Details reveal that Pakistan will secure $19 billion in loans for budget financing and to bolster foreign exchange reserves. This substantial amount highlights the country’s continued dependency on the IMF, World Bank, Saudi Arabia, China, UAE, and the Islamic Development Bank for its foreign and economic policies.

Due to this ongoing dependency, these nations and international creditors are imposing their conditions on Pakistan.

Prime Minister Shehbaz Sharif announced investment pledges of $15 billion from Saudi Arabia and the UAE, but these have yet to be formalized into agreements.

Failing to secure new debt from foreign commercial banks, the government has budgeted $3.9 billion in foreign commercial loans for the upcoming fiscal year.
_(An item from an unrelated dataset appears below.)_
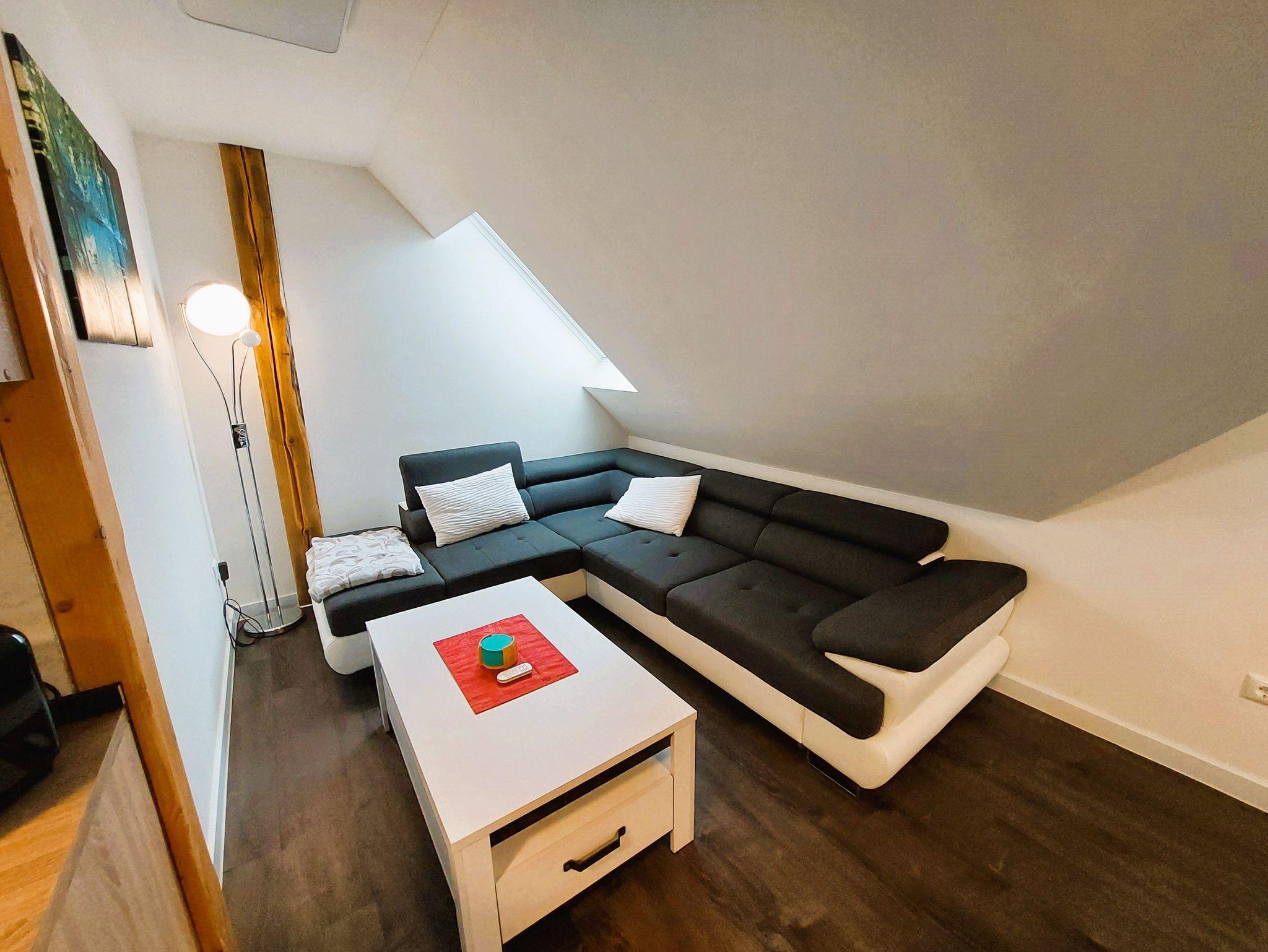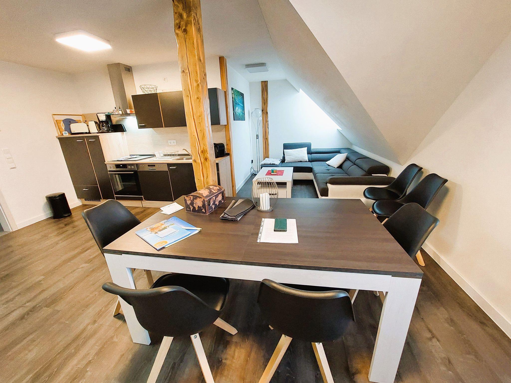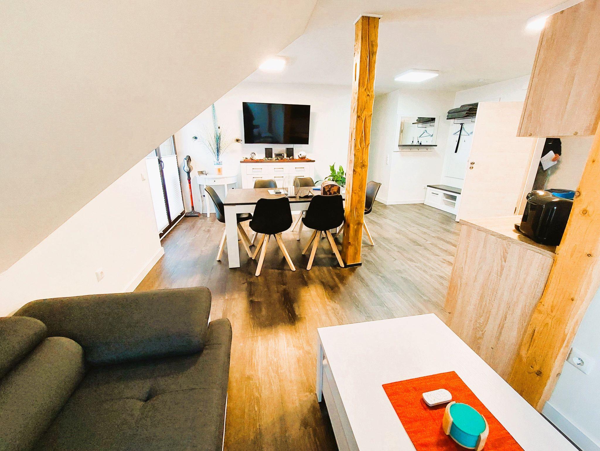 Die liebevoll eingerichtete Ferienwohnung Wolfsbau im 1. Obergeschoss bietet alles, was Sie für einen entspannten Aufenthalt benötigen. Herzstück der Wohnung ist der großzügige Wohn-, Ess- und Kochbereich mit großer gemütlicher Eckcouch, TV, Esstisch und moderner Einbauküche. Auf der Couch finden zusätzlich zwei Personen bequem Platz als Aufbettung.

In the current year, China rolled over $1 billion of commercial debt.

The finance minister has not fulfilled his promise of issuing Panda bonds in the Chinese capital market. For the next fiscal year, the government has budgeted $1 billion in Eurobonds after failing to issue bonds this fiscal year.

There were expectations that international credit rating agencies would upgrade Pakistan’s junk rating under the $3 billion IMF standby arrangement. However, political and economic instability prevented an upgrade. Information Minister Marriyum Aurangzeb stated that rating agencies are awaiting approval of the new Extended Fund Facility from the IMF.

Without an improved rating, the government’s plan to raise $4.9 billion through Eurobonds and foreign commercial loans may not succeed. The government had anticipated receiving $6 billion from sovereign bonds and foreign commercial loans this fiscal year but failed to secure these deals, leading the State Bank of Pakistan to purchase an equivalent amount from local markets.

The government has again included the rollover of $5 billion in cash deposits from Saudi Arabia, highlighting the inability to repay the funds, of which $3 billion was borrowed in 2019 for one year.

However, Saudi Arabia has not agreed to extend a $1 billion oil facility to the next fiscal year, leading the government to exclude it from external loan projections. Similarly, no new Saudi loan for petrol imports is included, although the kingdom provided $600 million for petrol imports this year.

China’s $4 billion in cash deposits have been added to the rollover list, with $2 billion maturing next month.

The UAE’s financing is not part of the federal borrowing plan since it supports balance of payments and will be serviced by the central bank from its profits. Of the $3 billion, $1 billion is due next month.

The government also anticipates a new $500 million loan from the Islamic Development Bank and $465 million from Naya Pakistan Certificates. Approximately $1.1 billion will be borrowed to finance the federal Public Sector Development Programme.